Star Trek Meets SeaQuest in Real Life Science Fiction Becomes Science Fact Yet Again

I love this kind of stuff.

Now, it was trippy enough for me when I was a kid watching Star Trek use their wireless communicators, only to grow up and have a smartphone that I can actually use to make a video call. But now, some deep sea researchers are suiting up in a big way, and it makes me feel like a kid again. They are approaching the exploration of the sea the same way NASA approaches the exploration of space.

Now, according to the National Oceanic and Atmospheric Administration (NOAA), the ocean covers 71 percent of the Earth’s surface, yet more than 95 percent of the underwater world remains unexplored. I love that little factoid. That’s why the SeaOrbiter was created.

The SeaOrbiter is a marine research vessel created by French architect Jacques Rougerie, and it mirrors the kind of self-contained ocean laboratory that has been depicted in science fiction for more than a century. It’s like a Starship Enterprise designed to go where no one has gone before, only underwater.

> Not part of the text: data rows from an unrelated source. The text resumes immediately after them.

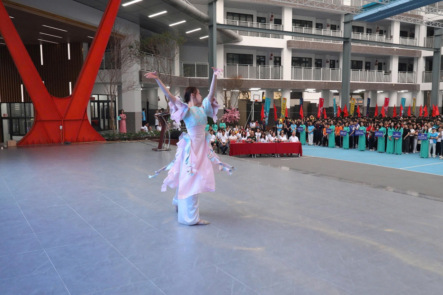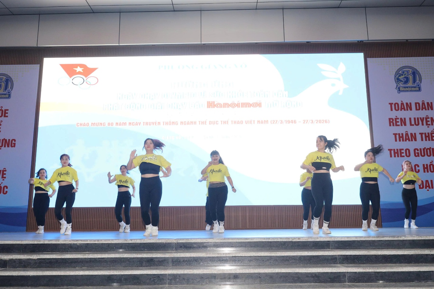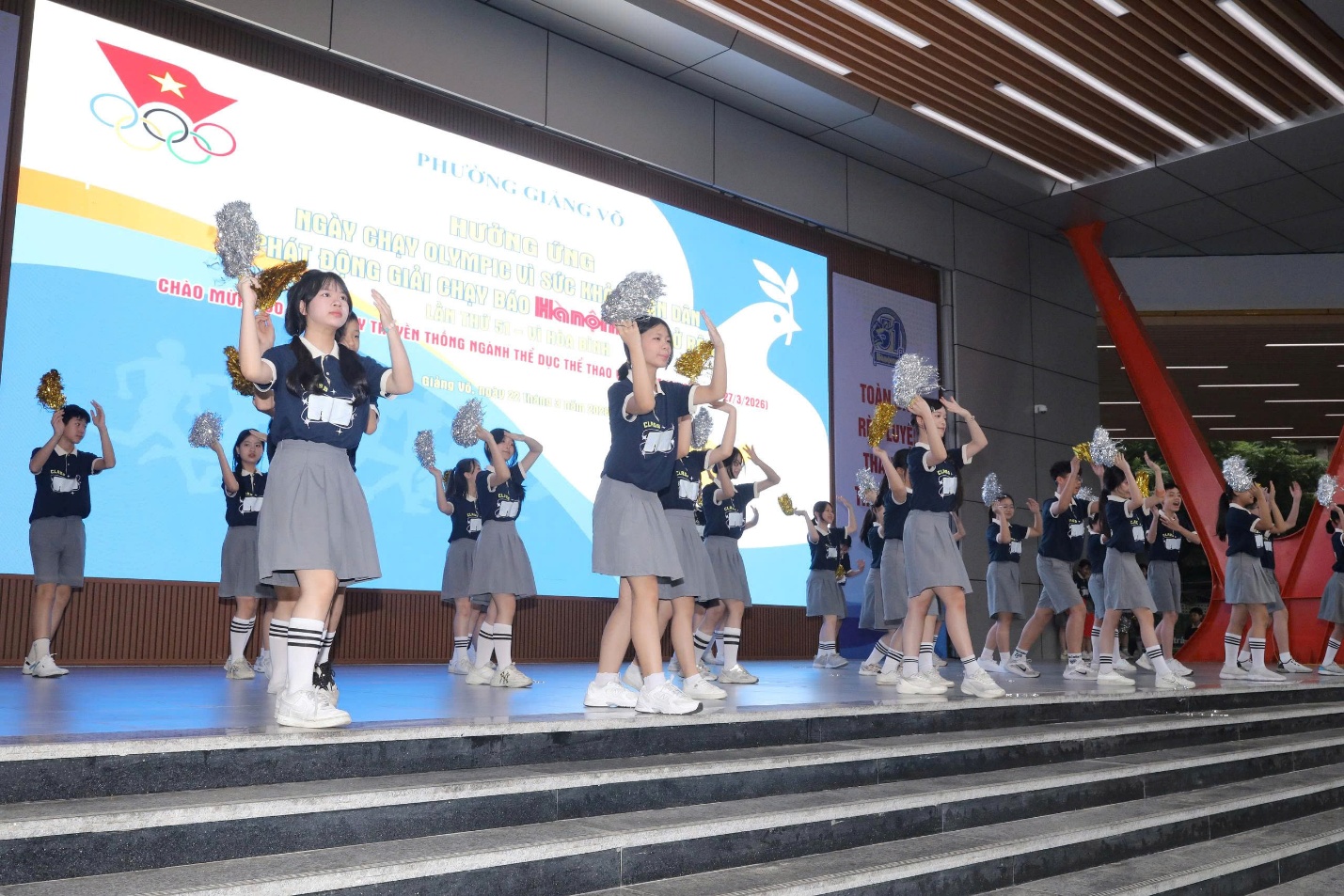 Không khí chương trình diễn ra trang trọng, sôi nổi với nhiều nội dung phong phú. Mở đầu là chuỗi tiết mục đặc sắc: nhảy Zumba sôi động của Trung tâm Văn hóa – Thông tin và Thể thao phường Giảng Võ; thể dục nghệ thuật do học sinh Phương Linh – lớp 9A5 thực hiện, em là vận động viên đạt nhiều thành tích nổi bật với 3 Huy chương bạc (trong đó có 1 Huy chương bạc toàn năng) và 2 Huy chương đồng tại Giải quốc tế PP Cup Thái Lan 2025, cùng 1 Huy chương vàng, 2 Huy chương bạc và 2 Huy chương đồng tại Giải quốc gia 2025; cùng màn flashmob “Đi giữa trời rực rỡ” của học sinh lớp 7A6, Trường THCS Giảng Võ 2, tạo không khí hào hứng trước giờ xuất phát.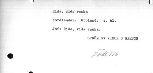 //// Rida, rida ranka Nordlander. Uppland. s. 61. Jmf: Rida, rida ranka. //// STRÖM SV VISOR 0 RAMSOR //// ^ /^e/u ////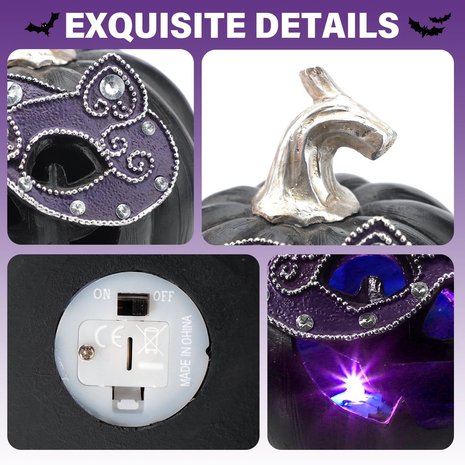- EYE-CATCHING MASKED DESIGN: This resin light up pumpkin figurine features a spooky yet playful masked face with exaggerated eyes and bold lines adding a unique twist to your halloween decor whether you place it alone or pair it with other halloween pumpkin decorations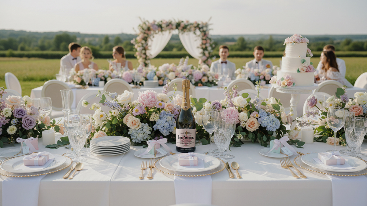 Идеальны свежие вина с нотами выпечки (Extra Brut или Brut), либо классика банкета - полусухое игристое. Дневное торжество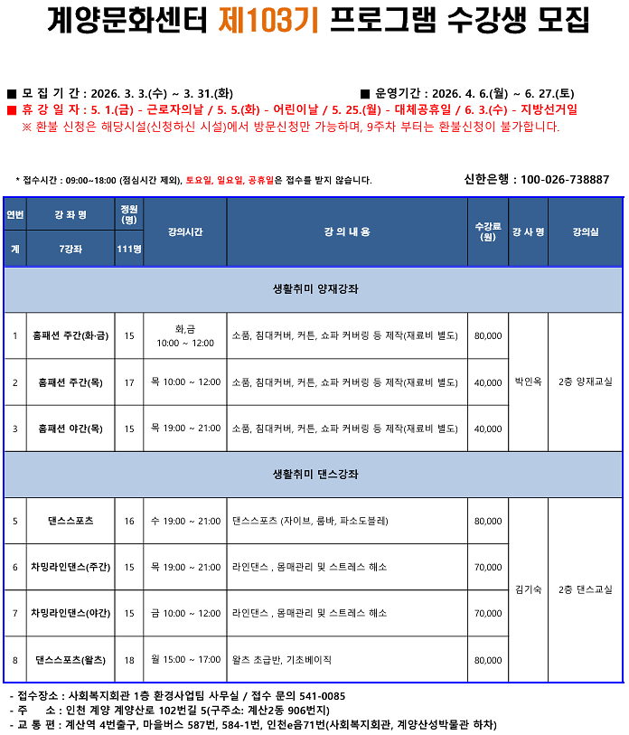 계양구청사 제103기 계양문화센터 수강생 모집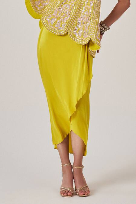 Ochre yellow scallop trimmed one shoulder top featuring all over hand embroidery with sequins and thread work. Paired with a coordinating skirt for a complete look.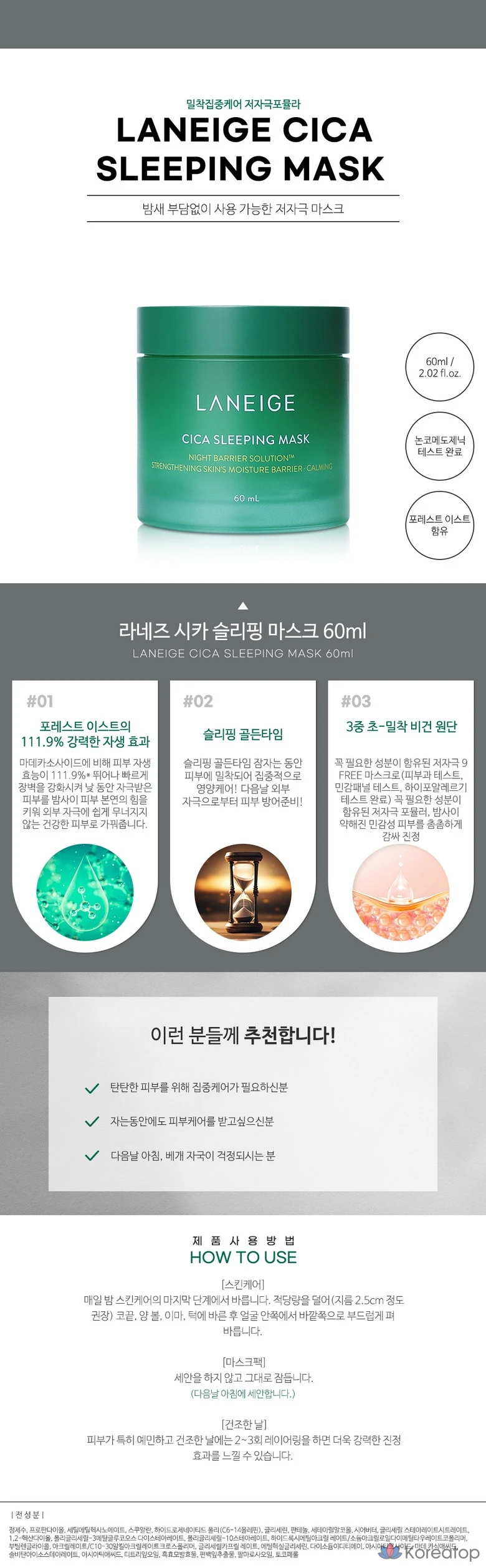 Ночная маска для лица Laneige Cica, 60 мл, 1 шт.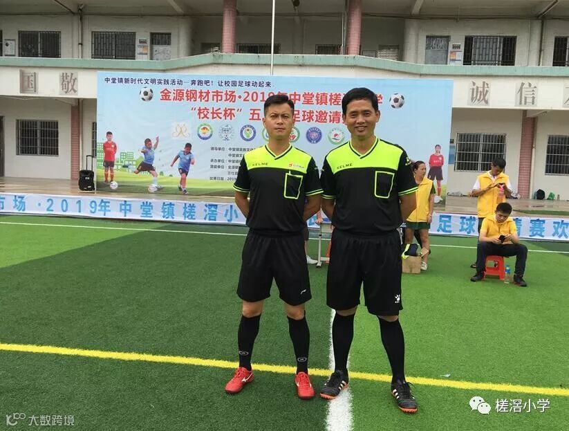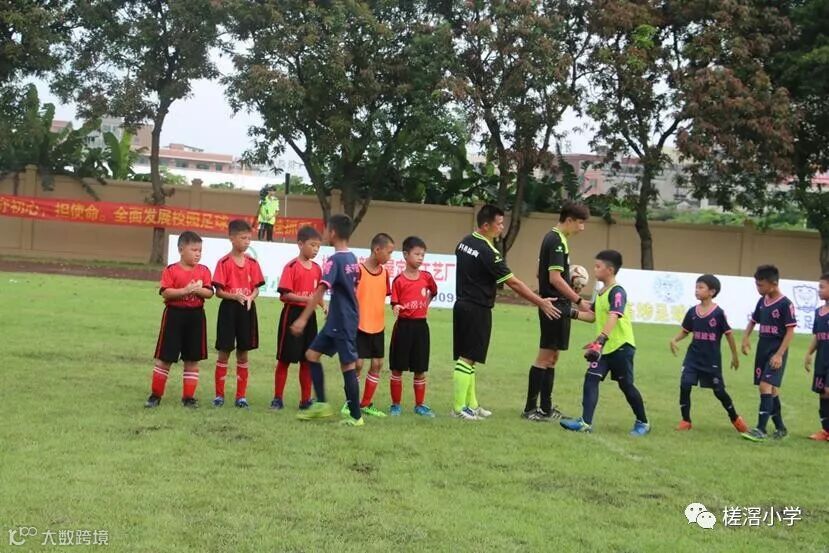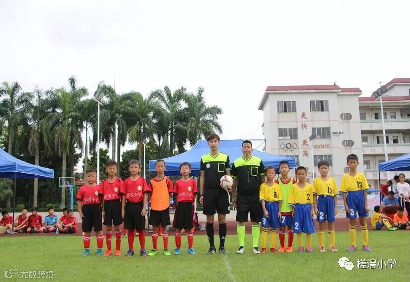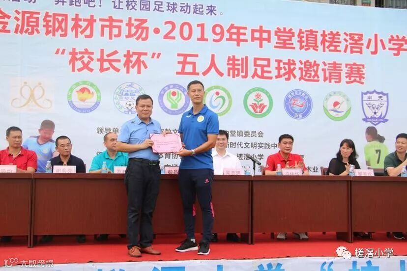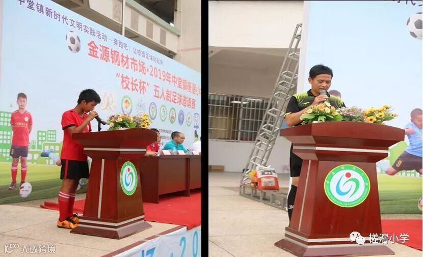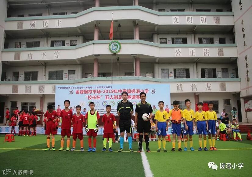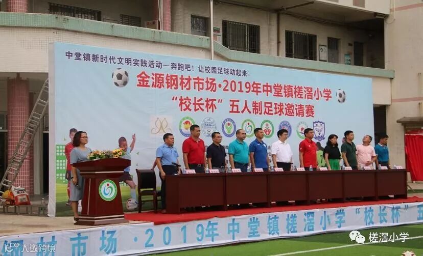 第六项议程是开球仪式,随后,由魏均平校长宣布本届比赛开幕。并在高年级同学的引领下,参会的领导嘉宾来到球场中间,为比赛开球,宣告金源钢材市场2019中堂镇槎滘小学"校长杯"五人制足球邀请赛正式拉开序幕。揭幕战是中堂镇槎滘小学和新塘永宁二小的比赛,伴随着裁判员的一声哨响,两队展开了激烈地角逐。

It’s a half submarine/ half sailing ship hybrid that was created to observe the underwater world without creating a man-made mess out of the habitat it was designed to study. It’s 58 meters tall, and rather than being propelled by engines, it will simply drift with the ocean’s currents, with 18 people living on board the special pressurized cabins, not unlike astronauts on the space shuttle.

I could describe more of it to you, but the Web site does a much better job that I could have:

SeaOrbiter is a new human adventure dedicated to the Planet.

It is part of the history of the great explorations of our universe led by illustrious predecessors and great adventurers such as Jules Verne, Jacques-Yves Cousteau, Jacques Piccard …

It also constitutes a new planetary challenge.

Its purpose is to foster the emergence of a new relationship between man and the sea by the awakening, awareness and action of all to meet tomorrow’s every requirement for a future based on the precepts of sustainable development, particularly related to the sea.

Joining the SeaOrbiter in thus:

 

  • Participating in the great adventure of human exploration in the 21st century
  • Boarding to explore the last frontier on earth
  • Recognizing that human survival depends on preserving the oceans
  • Meeting the global challenge for a better understanding of this universe still widely unknown
  • Living under the sea 24 hours a day over long periods at the very heart of the oceans
  • Residing in a nomadic underwater home wandering amidst the mightiest of gardens: the ocean
  • Allowing better commitment from the younger generations with regard to the planetary challenges of tomorrow
  • Promoting awareness for sustainable integration of the ocean in our attitudes and behaviors to come


Sailing with the SeaOrbiter is moving from:

 

  • Discontinuous observation to continuous observation of the underwater world
  • Erratic intrusion to a perfect symbiosis with the marine ecosystem
  • Passive observation to proactive monitoring of the ocean
  • Complex oceanic penetration to easy and permanent access to the underwater world
  • A linear approach to the ocean to a real three-dimensional understanding of it
  • The remote maritime adventure to a network of sentinels serving the Blue Planet


SeaOrbiter hence allows:

 

  • Implementation of a change in relationship between man and the ocean
  • Development of a planetary educational plan concerning the oceans
  • Establishment of an international scientific research and technological programs
  • More sophisticated understanding of the mechanisms linking the ocean and the earth’s climate
  • Testing of human behavior and ability to live in space related underwater extreme environment
  • Emergence of new vocations and new expertise
  • Production of interactive multimedia programs accessible to all


Is this a cool time to be alive, or what?